Freigeschaltet durch Thorsten Schmitt

Die Centrale Marketinggesellschaft der Agrarwirtschaft (CMA) muss ihre gesamten Werbe- und Marketingmaßnahmen überprüfen. Das berichtet das Wochenmagazin W&V Werben & Verkaufen in seiner aktuellen Ausgabe.

Allein das Sponsoring der ARD-Sportschau und die Kampagne "Milch ist meine Stärke" seien davon ausgenommen.

Hintergrund der Überprüfung ist ein Rechtsstreit, der jetzt sogar das Bundesverfassungsgericht beschäftigt. Die CMA finanziert sich über Zwangsabgaben von Bauern und Nahrungsmittelproduzenten.
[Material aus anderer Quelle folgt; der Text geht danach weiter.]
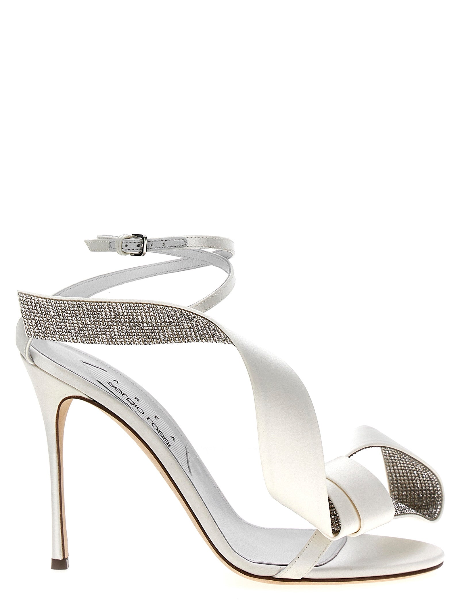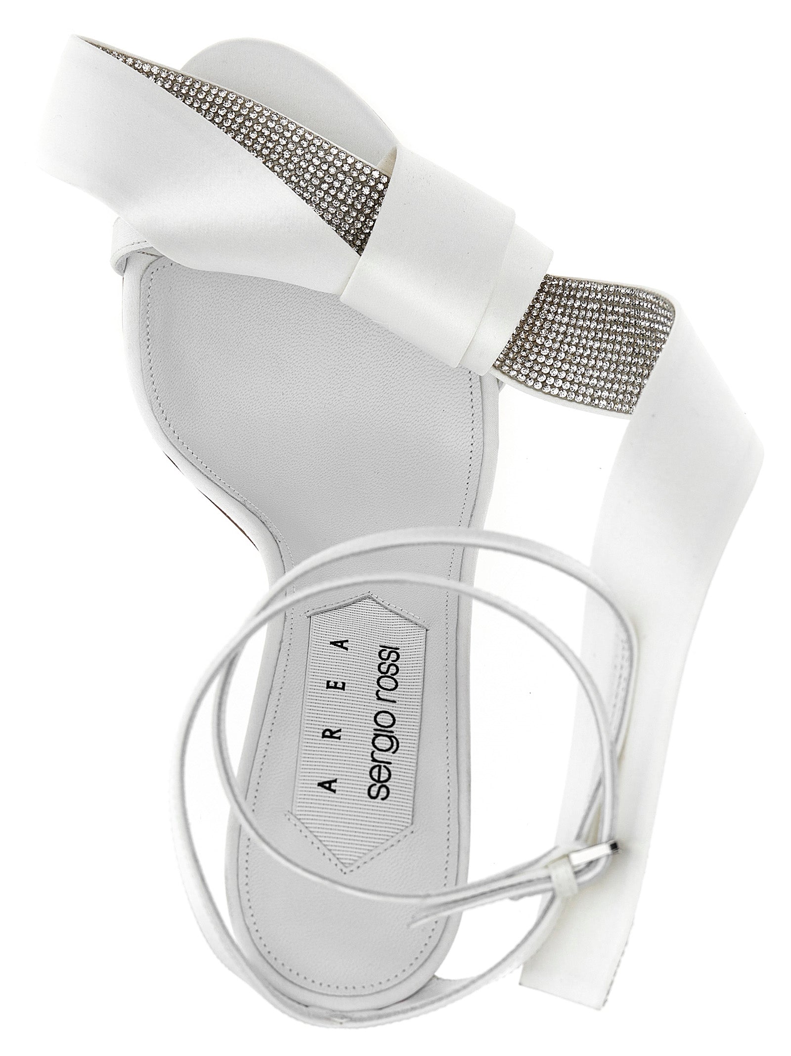 Sergio Rossi x AREA 'Area Marquise' satin sandals with maxi bow and crystal appliqué, ankle strap, stiletto heel.
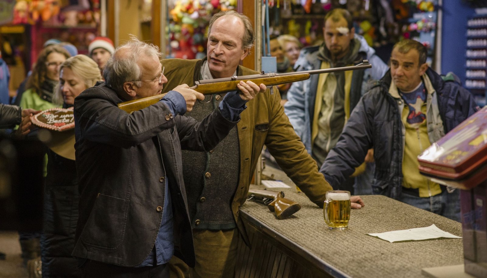 Herzblut. Ein KluftingerkrimiKluftinger (Herbert Knaup) und Langhammer (Bernhard Schütz) liefern sich ein Wettschießen. Im Hintergrund: Erika (Margarete Gilgenreiner), Burlitz (Daniel Flieger) und Herr Fink (Albert Kitzl).Bild: © ARD Degeto/BR/Hendrik Heiden
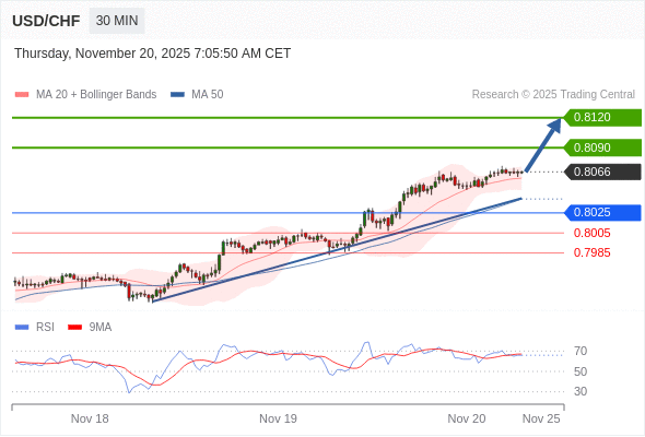 在 0.8025 之上,看涨,目标价位为 0.8090 ,然后为 0.8120 。
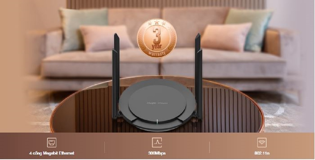 - 1 cổng 10/100M WAN (Auto MDI/MDIX), 3 cổng 10/100 LAN (Auto MDI/MDIX)
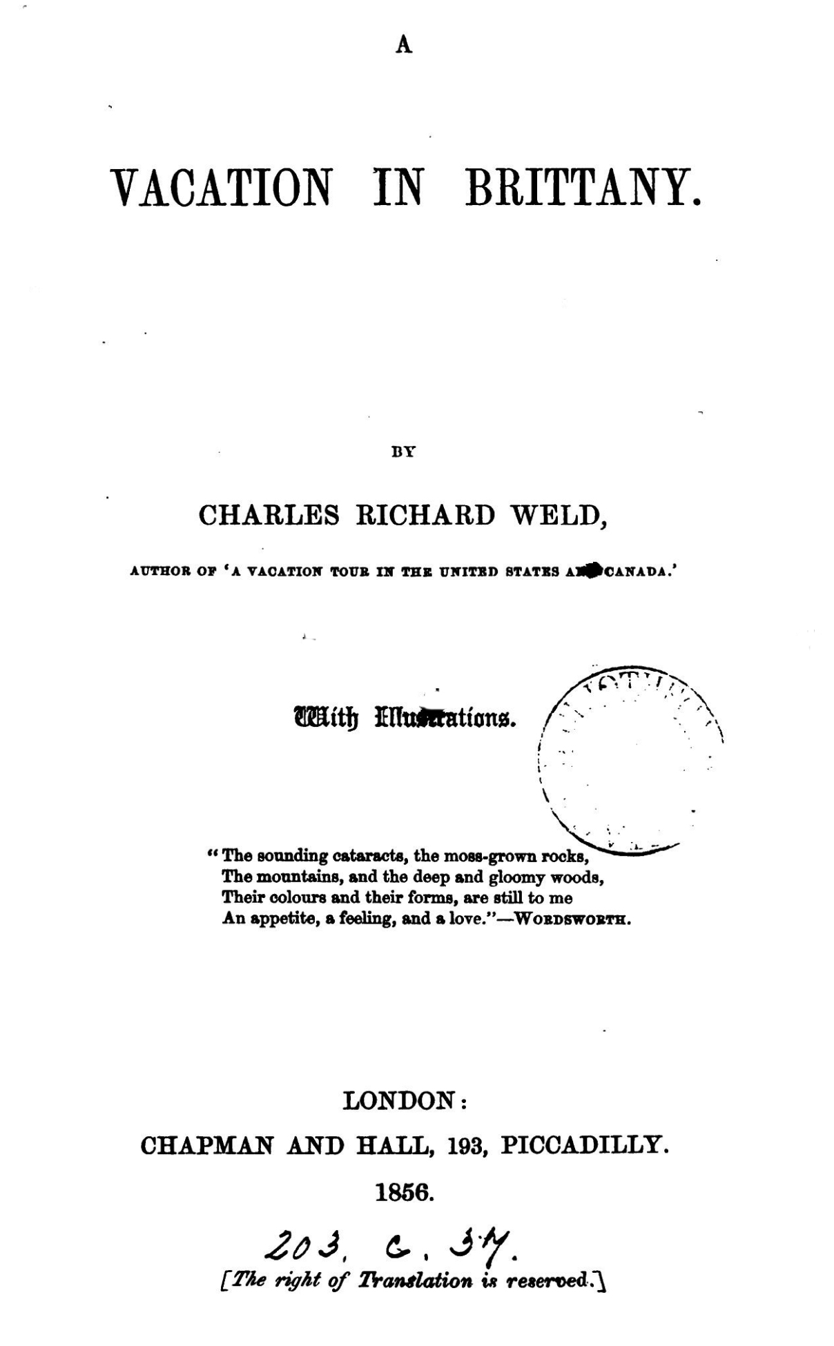 Comme la nuit tombait, la gaieté et les amusements prenaient un tour plus bruyant, et des scènes qui attestent que la distanciation morale proverbiale entre Dieu et l'Eglise est une réalité en Bretagne ; car les murs gris de St Kerdévot, à l'intérieur desquels beaucoup de prières ont été murmurées en matinée, disparaissent, alors que la lune recouvre d'une teinte argentée les fleurons de son clocher, sur fond de
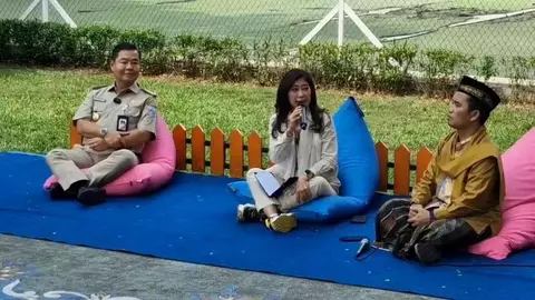 Didampingi, Pj Gubernur DKI Teguh Setia Budi, Meutya Hafid menyapa para warga di ruang publik terbuka ramah anak Kelurahan Semper Barat.
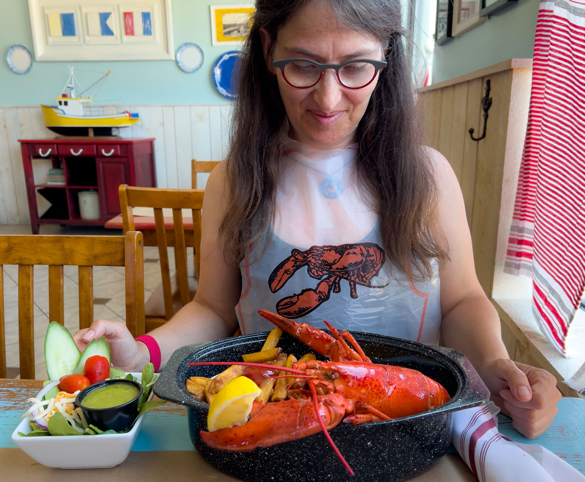 Nun wurde es endlich Zeit für den eigentlichen Höhepunkt dieses Urlaubs, auf den Maria schon seit Wochen entgegengefiebert hat. Gegen 15:30 Uhr waren wir so ausgezehrt, dass wir uns mit knurrendem Magen und letzter Kraft in Barrington, dem "Lobster Capital", in ein Hummer-Restaurant schleppten und einen kompletten Hummer plus eine Lobster Roll bestellten. Der Verzicht auf ein Mittagessen hat sich gelohnt. Die beiden Lobster (und alles, was es dazu gab), waren wirklich toll. Schade, dass wir morgen nach dem Frühstück zu satt sein werden, um gleich noch einmal vorbei zu schauen.
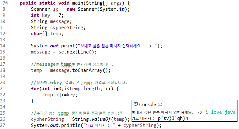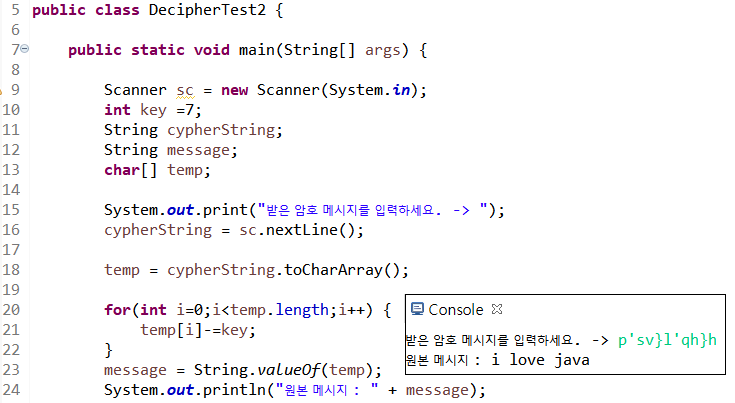 24라인 원본 메시지를 출력하면 p'sv}l'qh}h의 각 문자의 ascii코드에서 7을 뺀 i love java가 출력된다.
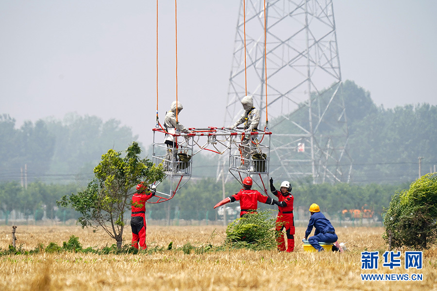 6月18日,直升機準備用吊籃把兩名檢修人員“吊”到有缺陷的特高壓線路上。 新華社記者范世輝 攝(資料圖)
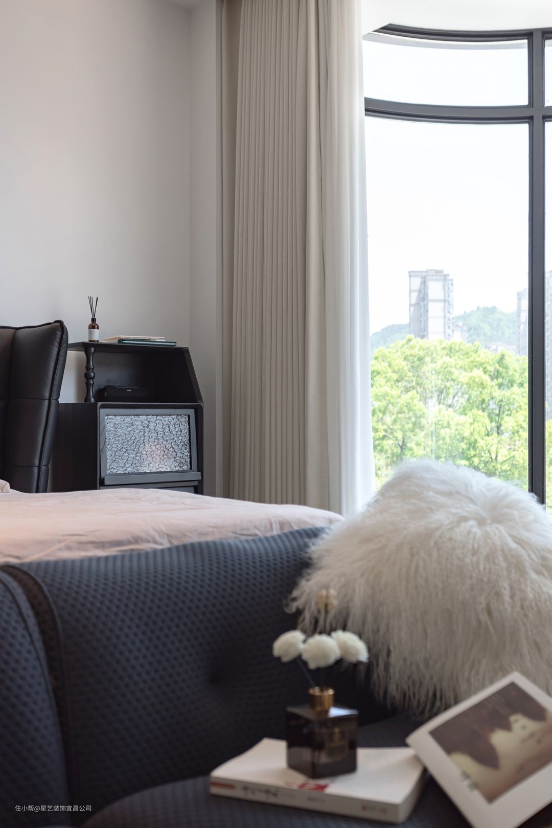 🧡超大落地窗引光入内,让空间通透而温暖,卧室内部采用无主灯吊顶+氛围灯,增加艺术气息~

Gegen die Pflichtbeiträge haben einige Mitglieder Klage eingereicht - mit der Begründung, es gebe keine Gegenleistung. "Die CMA-Werbung bringt nichts", sagt Rechtsanwalt Carsten Bittner, der mehrere Kläger vertritt.

Im äußersten Fall droht den mächtigen Agrarlobbyisten sogar das Aus. Das wäre ein harter Schlag für Werber und Medien: Als Sprachrohr der Agrarwirtschaft ist die CMA einer der größten Auftraggeber für die Werbewirtschaft. Ihr Marketingbudget summiert sich auf 100 Millionen Euro pro Jahr.